Vincent Peillon, Les milliards noirs du blanchiment, Hachette Littératures, 2004, 199 p.
Thierry Godefroy et Pierre Lascoumes, Le capitalisme clandestin. L’illusoire régulation des places offshore, 2004, La Découverte, 259 p.
Ces deux livres sur le sujet crucial des paradis fiscaux et judiciaires ont en commun leur pessimisme. Mais, disons-le d’emblée, on a beaucoup plus apprécié le volontarisme militant du premier que le sociologisme désespérant du second, doublé d’une forme de condescendance.
Le député socialiste Vincent Peillon (à l’Assemblée nationale jusqu’en 2002, au Parlement européen depuis 2004) présida sur le sujet une mission d’information parlementaire assez jubilatoire. Il nous en rappelle quelques excursions intempestives (Liechtenstein, Monaco, Luxembourg, la City de Londres… ) qui agitèrent sérieusement ces havres d’impunité de la criminalité financière.
Le député chiraquien Michel Hunault se fit aussitôt l’avocat de ces lupanars. Avec son collègue Arnaud Montebourg, Peillon parvint à organiser en février 2002 une Conférence des parlements de l’Union européenne contre le blanchiment.
Mais tout cela se heurta à l’hostilité d’une partie du gouvernement Jospin, puis à la vague conservatrice qui submergea une majorité de pays de l’UE. Les gouvernements de droite sont évidemment plus proches des milieux économiques, financiers et militaires qui n’entendent pas se priver des moyens d’agir en dehors des lois.
Face à cette coalition d’intérêts, le député rappelle à juste titre que la solution est politique (car ce ne sont pas les remèdes techniques qui manquent) : « Sortir des simples proclamations [… suppose] la structuration d’une opinion publique internationale et d’un espace public mondial capables de peser et de déborder l’inertie et l’hypocrisie des États. » Bien vu !
Les deux auteurs du Capitalisme clandestin décrivent avec force détails le double langage des États en question – c’est l’utilité de leur ouvrage.

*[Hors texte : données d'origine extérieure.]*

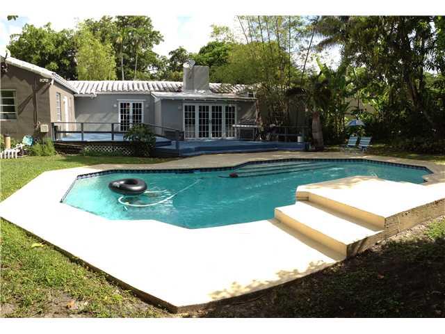 Fantastic Coral Gables Art Deco home now for sale. Original wood floors, wood burning fire place, bright Florida room, stainless steel appliances in kitchen, and split floor plan. Situated on a double lot of 11,875 Sq. Ft. this home has a pool and a very large outdoor wooden deck space, perfect for entertaining. Lots of lush landscaping allow for privacy. Located on a one block street, low traffic and sidewalks make this perfect for families.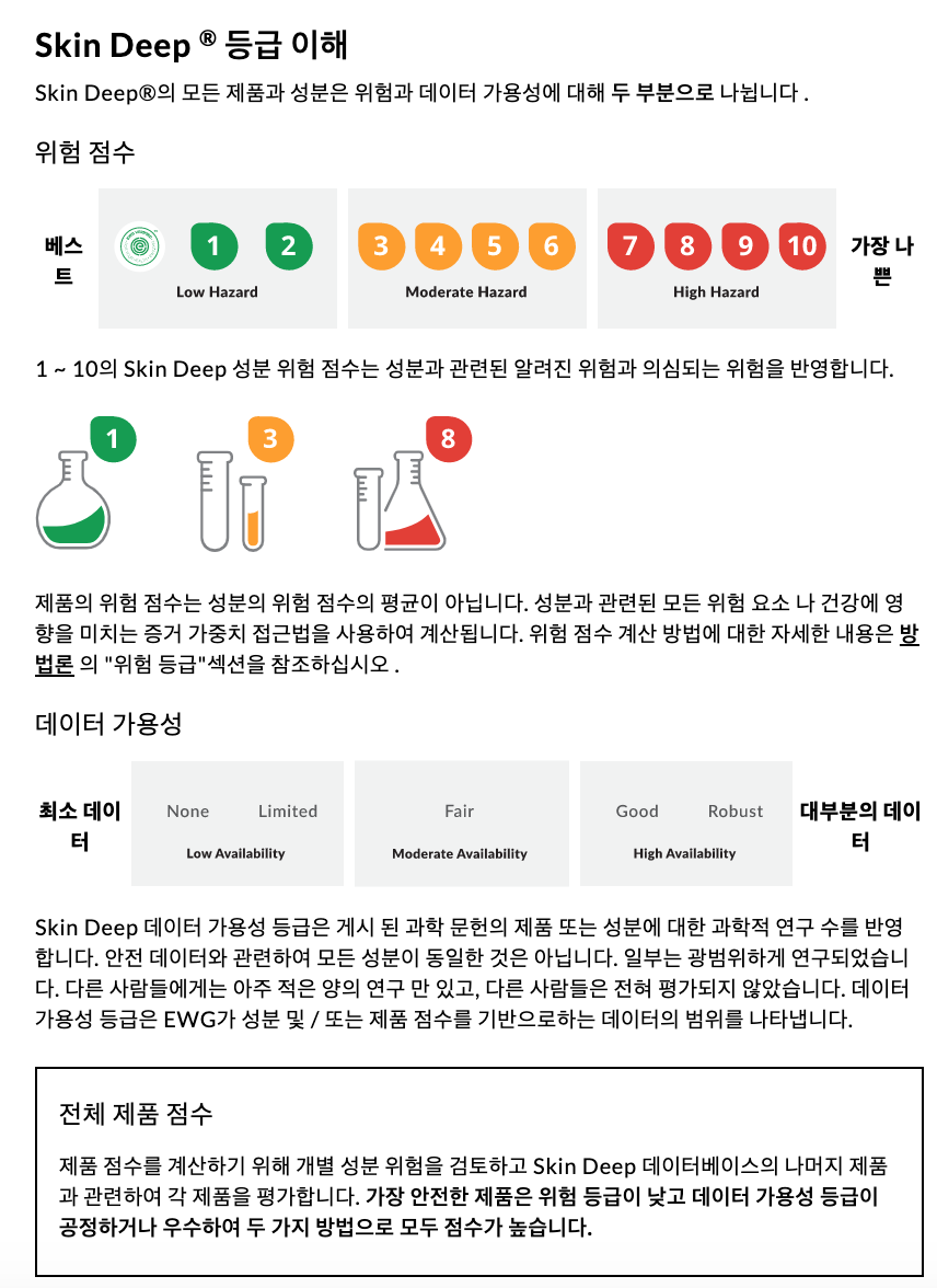 이곳에서 운영하는 아래 사이트에서 EWG 등급에 대해 제공하며, 화해 앱과 같이 제품을 검색할 수 있습니다.

Mais ils font une guerre dangereuse et finalement cynique à la morale élémentaire.
Brodant sur un thème que Jean de Maillard développe de manière plus subtile, l’interpénétration de l’économie « normale » et de l’économie criminelle (Le marché fait sa loi, Mille et une nuits, 2001, cf. Billets n° 95), ils en viennent à suggérer qu’il n’y a plus de « crime » puisque tout cela est pratiqué par des gens (banquiers, PDG, responsables politiques et autres) qui sont et font la « norme ».
L’entreprise démystificatrice des deux spécialistes vise du même coup ceux qui voudraient lutter contre l’extension et la généralisation de la criminalité économique : ce seraient des naïfs ou des illusionnistes.
Certes une mobilisation civique, comme celle invoquée par Vincent Peillon, est tout sauf gagnée d’avance. Mais, plutôt que de dire que le combat est perdu parce que le crime est de plus en plus pratiqué par les gens « normaux », on peut parier que l’avalanche exponentielle des dégâts provoqués par une dérégulation laxiste va faire prendre conscience, justement, qu’un certain nombre de comportements « normaux » (comme l’oppression et le pillage néocoloniaux) sont en réalité criminels. De fait, mais aussi de droit : le nombre d’instruments juridiques susceptibles de qualifier ces infractions a en réalité beaucoup augmenté.
La bataille va, du coup, se jouer dans les têtes. Nous allons devoir affronter une manipulation orwellienne : on cherchera à nous faire admettre que des crimes caractérisés n’en sont pas, et/ou nous faire enfouir la tête dans le sable.
Par une intimidation et un divertissement multiformes. Godefroy et Lascoumes font l’hypothèse implicite que cette manipulation va gagner, si elle ne l’a pas déjà fait. C’est en cela que leur livre est littéralement désespérant. Mais leur hypothèse n’est pas acquise.